+++ Records provided
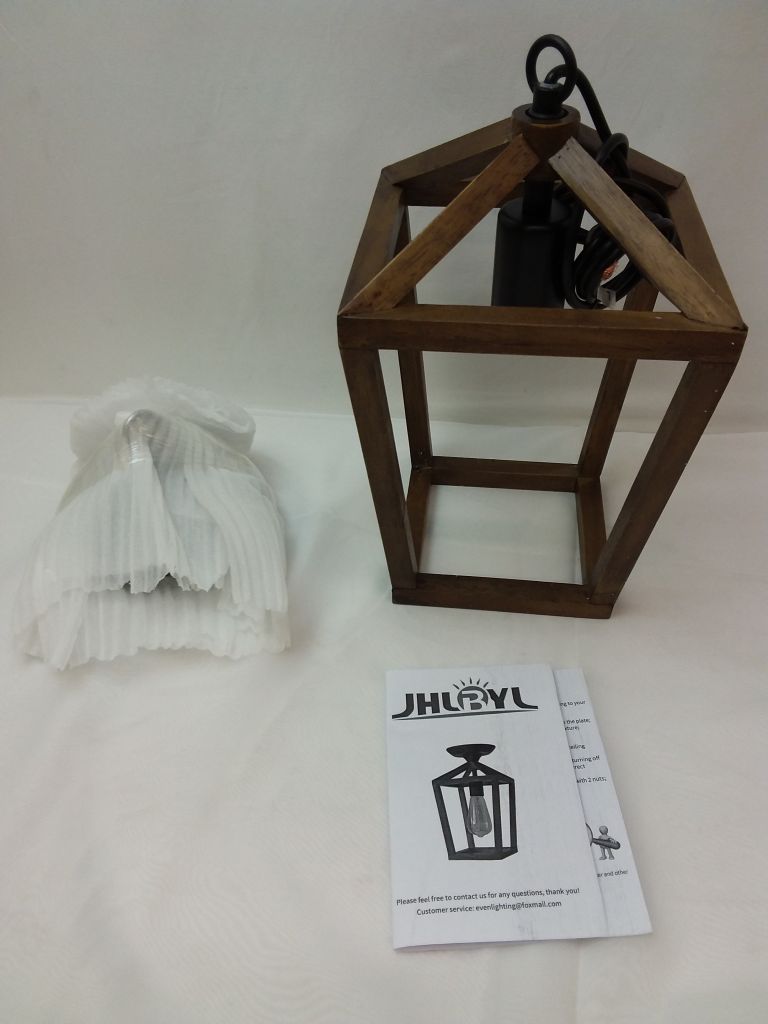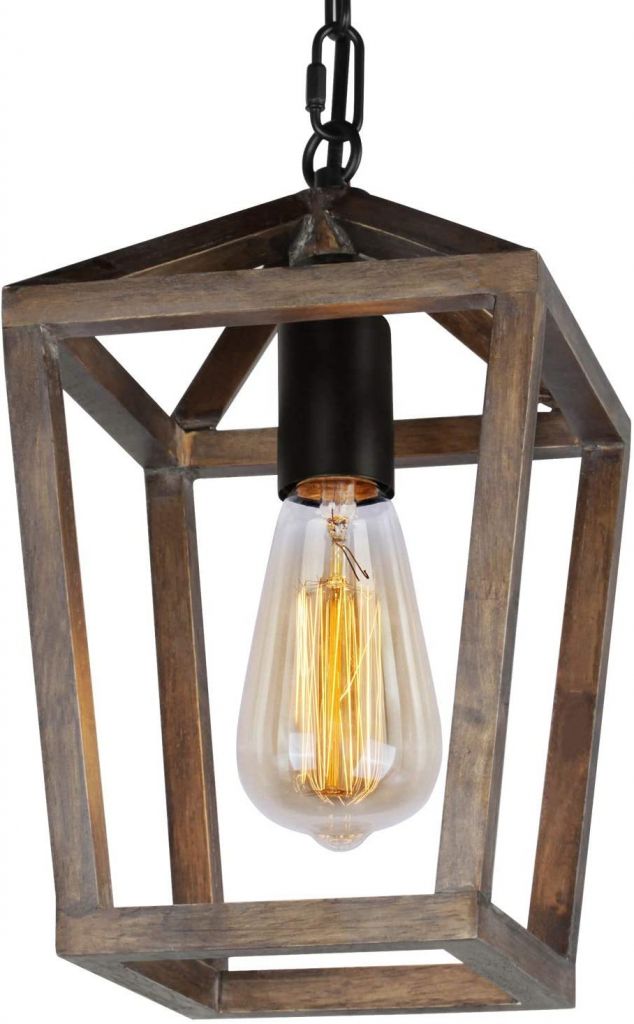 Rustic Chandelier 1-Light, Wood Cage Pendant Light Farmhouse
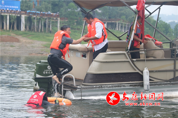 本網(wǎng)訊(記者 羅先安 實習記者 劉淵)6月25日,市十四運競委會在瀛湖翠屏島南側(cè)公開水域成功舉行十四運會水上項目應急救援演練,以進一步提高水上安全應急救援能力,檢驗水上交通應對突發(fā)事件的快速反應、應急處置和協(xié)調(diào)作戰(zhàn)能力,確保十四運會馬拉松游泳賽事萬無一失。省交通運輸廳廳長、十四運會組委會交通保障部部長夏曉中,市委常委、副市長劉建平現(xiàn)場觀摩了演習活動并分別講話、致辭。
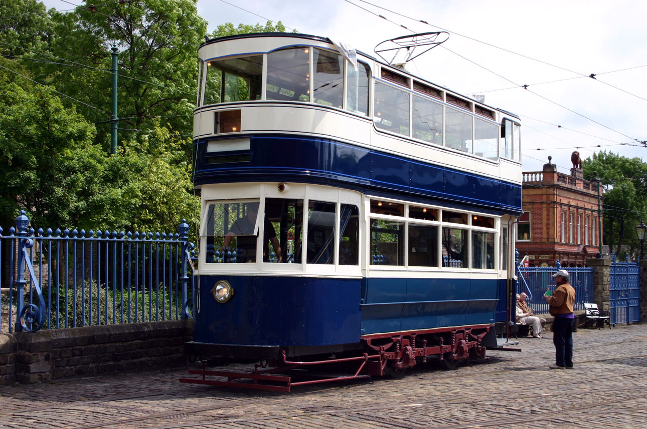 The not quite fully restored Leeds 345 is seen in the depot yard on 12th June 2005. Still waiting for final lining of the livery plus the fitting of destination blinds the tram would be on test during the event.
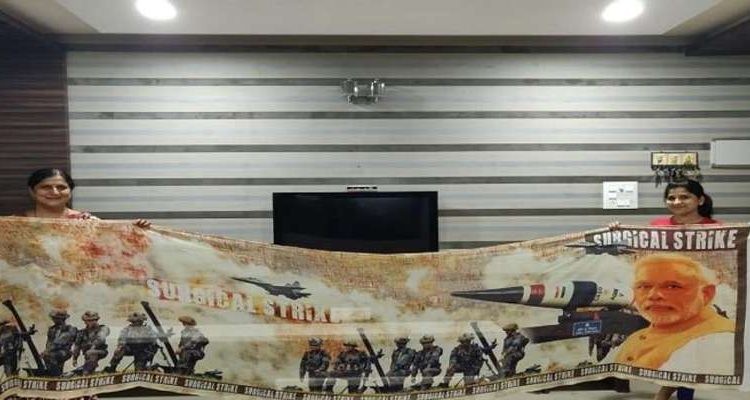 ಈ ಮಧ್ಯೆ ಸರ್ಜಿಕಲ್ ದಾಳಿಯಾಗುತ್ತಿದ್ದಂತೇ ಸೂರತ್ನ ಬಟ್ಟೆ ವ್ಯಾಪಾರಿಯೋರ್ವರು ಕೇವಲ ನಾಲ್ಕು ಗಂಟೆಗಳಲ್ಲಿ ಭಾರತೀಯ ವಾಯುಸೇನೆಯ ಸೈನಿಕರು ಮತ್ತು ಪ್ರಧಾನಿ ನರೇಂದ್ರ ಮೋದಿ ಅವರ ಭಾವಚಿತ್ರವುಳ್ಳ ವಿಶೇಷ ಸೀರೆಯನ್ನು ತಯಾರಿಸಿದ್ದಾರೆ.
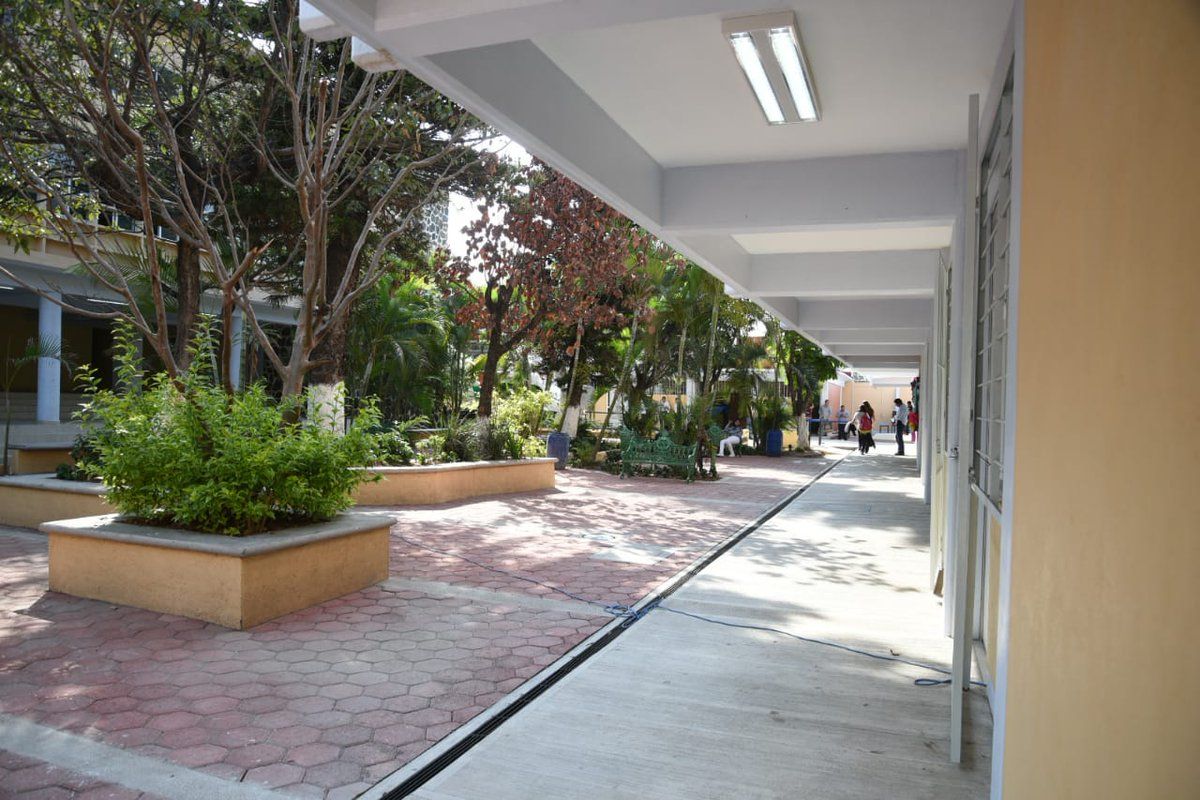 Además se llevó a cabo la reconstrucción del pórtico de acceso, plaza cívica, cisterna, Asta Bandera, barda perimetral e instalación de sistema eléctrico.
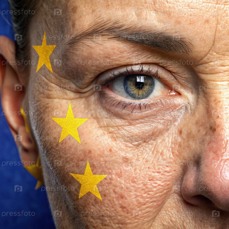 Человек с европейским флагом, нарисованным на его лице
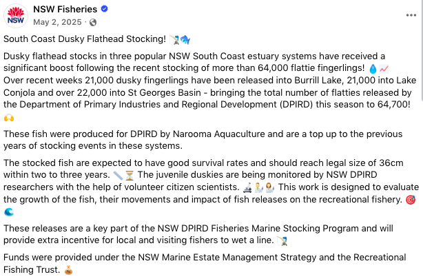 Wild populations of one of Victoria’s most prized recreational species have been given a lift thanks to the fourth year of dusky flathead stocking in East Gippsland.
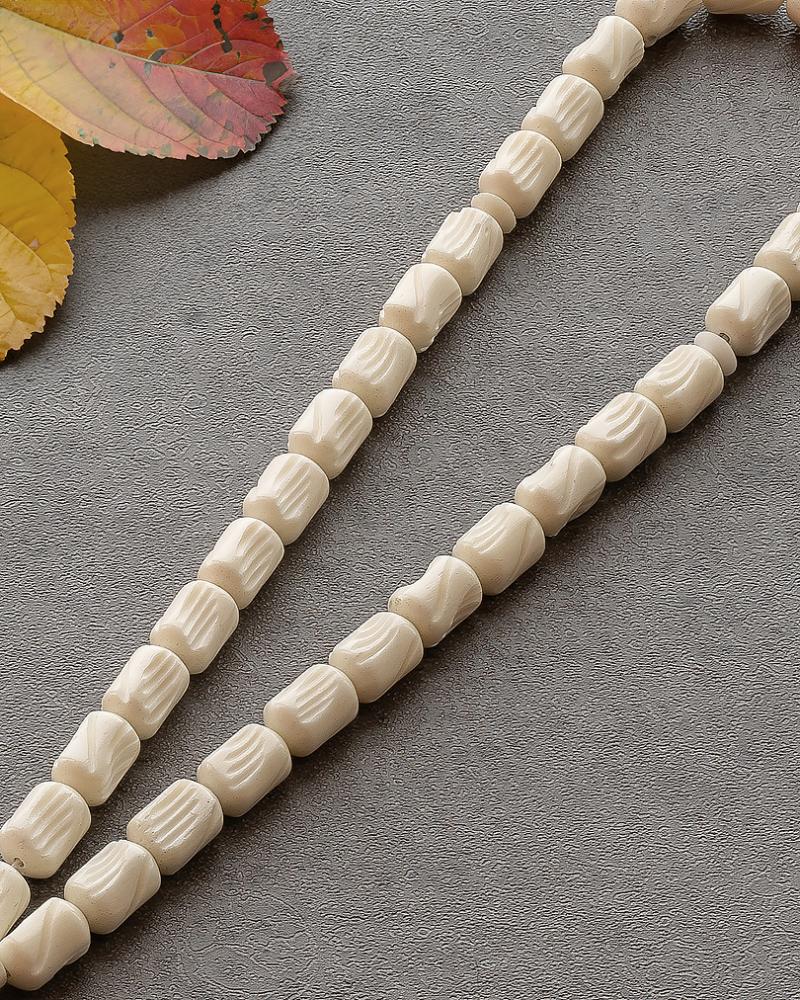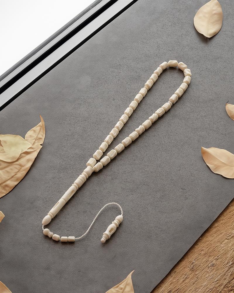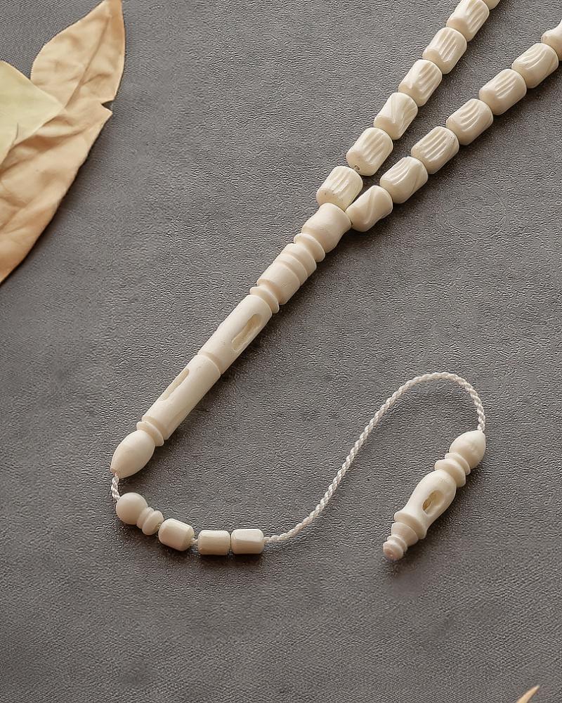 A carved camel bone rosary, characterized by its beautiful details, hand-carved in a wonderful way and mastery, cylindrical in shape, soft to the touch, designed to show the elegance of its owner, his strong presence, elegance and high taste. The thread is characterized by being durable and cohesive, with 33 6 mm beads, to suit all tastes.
++++++
Your objective -> Write out exactly the lines from the one containing "本網(wǎng)訊(記者 羅先安 實習記者" through the end of the records above, both included, leaving all pictures out.

Reply ->
 本網(wǎng)訊(記者 羅先安 實習記者 劉淵)6月25日,市十四運競委會在瀛湖翠屏島南側(cè)公開水域成功舉行十四運會水上項目應急救援演練,以進一步提高水上安全應急救援能力,檢驗水上交通應對突發(fā)事件的快速反應、應急處置和協(xié)調(diào)作戰(zhàn)能力,確保十四運會馬拉松游泳賽事萬無一失。省交通運輸廳廳長、十四運會組委會交通保障部部長夏曉中,市委常委、副市長劉建平現(xiàn)場觀摩了演習活動并分別講話、致辭。
 The not quite fully restored Leeds 345 is seen in the depot yard on 12th June 2005. Still waiting for final lining of the livery plus the fitting of destination blinds the tram would be on test during the event.
 ಈ ಮಧ್ಯೆ ಸರ್ಜಿಕಲ್ ದಾಳಿಯಾಗುತ್ತಿದ್ದಂತೇ ಸೂರತ್ನ ಬಟ್ಟೆ ವ್ಯಾಪಾರಿಯೋರ್ವರು ಕೇವಲ ನಾಲ್ಕು ಗಂಟೆಗಳಲ್ಲಿ ಭಾರತೀಯ ವಾಯುಸೇನೆಯ ಸೈನಿಕರು ಮತ್ತು ಪ್ರಧಾನಿ ನರೇಂದ್ರ ಮೋದಿ ಅವರ ಭಾವಚಿತ್ರವುಳ್ಳ ವಿಶೇಷ ಸೀರೆಯನ್ನು ತಯಾರಿಸಿದ್ದಾರೆ.
 Además se llevó a cabo la reconstrucción del pórtico de acceso, plaza cívica, cisterna, Asta Bandera, barda perimetral e instalación de sistema eléctrico.
 Человек с европейским флагом, нарисованным на его лице
 Wild populations of one of Victoria’s most prized recreational species have been given a lift thanks to the fourth year of dusky flathead stocking in East Gippsland.
 A carved camel bone rosary, characterized by its beautiful details, hand-carved in a wonderful way and mastery, cylindrical in shape, soft to the touch, designed to show the elegance of its owner, his strong presence, elegance and high taste. The thread is characterized by being durable and cohesive, with 33 6 mm beads, to suit all tastes.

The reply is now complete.